Reconnu organisme de formation, Finacoop accompagne également d’autres experts-comptables pour qu’ils fondent eux-mêmes des coopératives et/ou ciblent une clientèle issue de l’ESS. Six sont déjà passés par ce process d’accompagnement ou d'incubation. A Bordeaux, Fabien Labeyrie, expert-comptable mémorialiste, a ainsi crée Finacoop Nouvelle Aquitaine en janvier 2020 après avoir passé 3 mois à Paris. La structure — une Scic — emploie 5 salariés. Les autres, lorsqu’ils ont créé leur cabinet, n’ont pas encore adopté le modèle coopératif. A Rezé, en Pays de Loire, Finagile a vu le jour sous la forme d’une entreprise individuelle dirigée par Jérôme Viguié. A Amiens, Valentin Dutote a créé l’ESS Expertise, SAS de l'ESS qui assure également du Cac, en mai 2018, (6 salariés). A Toulouse, Fabien Poujol dirige le cabinet AudiES (6 salariés) spécialisé dans les comités d’entreprise et l’ESS depuis 2016, et prévoit à court terme une transformation en Scop. Des projets sont en cours à La Rochelle et à Rennes. "Certains experts-comptables ont besoin de se rassurer sur la viabilité de leur cabinet et la bonne maîtrise des compétences et de l'écosystème de l'ESS avant de franchir le pas et de rejoindre le modèle coopératif. D’autres redoutent que le modèle ne soit pas assez capitalistique, car il n’est par exemple pas possible de patrimonialiser sa clientèle", estime Mathieu Castaings. L’initiative menée par Finacoop n'a toutefois pas terminé d'essaimer. Les demandes d'accompagnement de confrères et la clientèle affluent. "Nous refusons trois sollicitations sur quatre", précise cet expert-comptable qui envisage donc la création d’un réseau avec des coopératives et des sociétés commerciales de l'ESS d'expertise comptable avec des engagements forts, et la création d'une "freechise sociale" (franchise ESS sans droit d'entrée ni redevance de marque).

Commissariat aux comptes

Frédéric Moiroux, cofondateur de Tsarap à Lyon, a opté pour la Scop et propose à la fois des missions d’expertise comptable et de commissariat aux comptes à une clientèle issue de l’ESS. "La Scop a été fondée en 2016. Je travaillais précédemment dans un cabinet traditionnel. Je gérais une branche ESS et j’avais déjà une vision plus horizontale du management. J’estime en effet qu’il faut offrir des perspectives aux collaborateurs pour les fidéliser.

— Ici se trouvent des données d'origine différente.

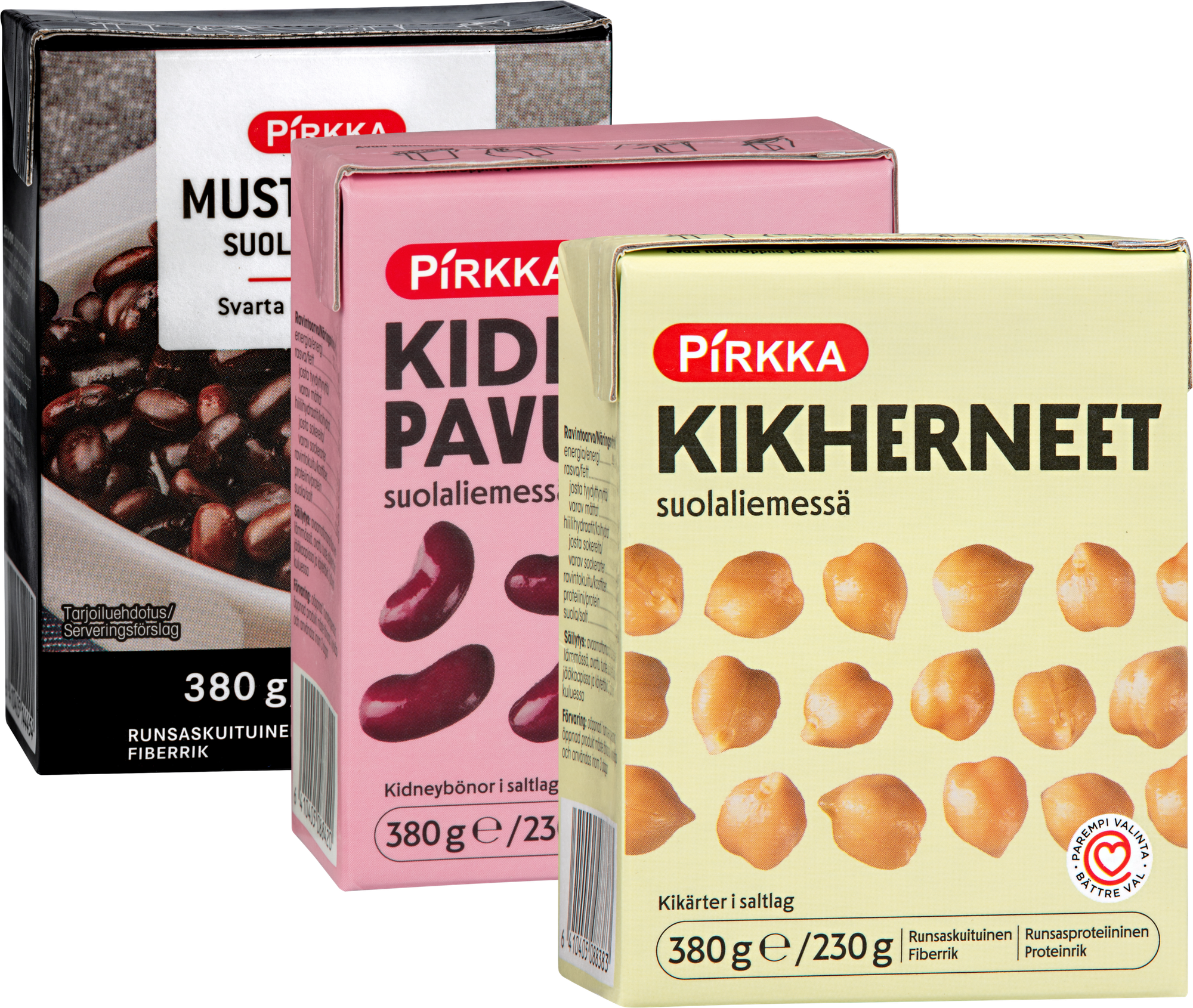 Pirkka pavut, kikherneet, linssit ja papusekoitus 380-390/230 g

Avec mon équipe nous avons décidé de franchir le pas car nous avions une bonne connaissance du secteur et du modèle". Résultat, en 2019, Tsarap réalise 710 000 € de CA, compte neuf salariés dont 5 associés et suit 280 dossiers (200 en expertise comptable, 80 en commissariat aux comptes). "Mon objectif c’est le bien-être des salariés, et il passe par le partage des missions de haut vol et par la répartition collective de la valeur ajoutée", martèle-t-il. En commissariat aux comptes, le cabinet Tsarap travaille pour des groupes coopératifs, des entités importantes comme la Scop LS Services (effectif plus de 700 personnes) ou encore Parcs et Sports (plus de 100 personnes). Le cabinet intervient également auprès du réseau Grap (groupement régional alimentaire de proximité), dans le secteur du spectacle vivant, auprès de coopératives d’activités et d’emploi (CAE), etc.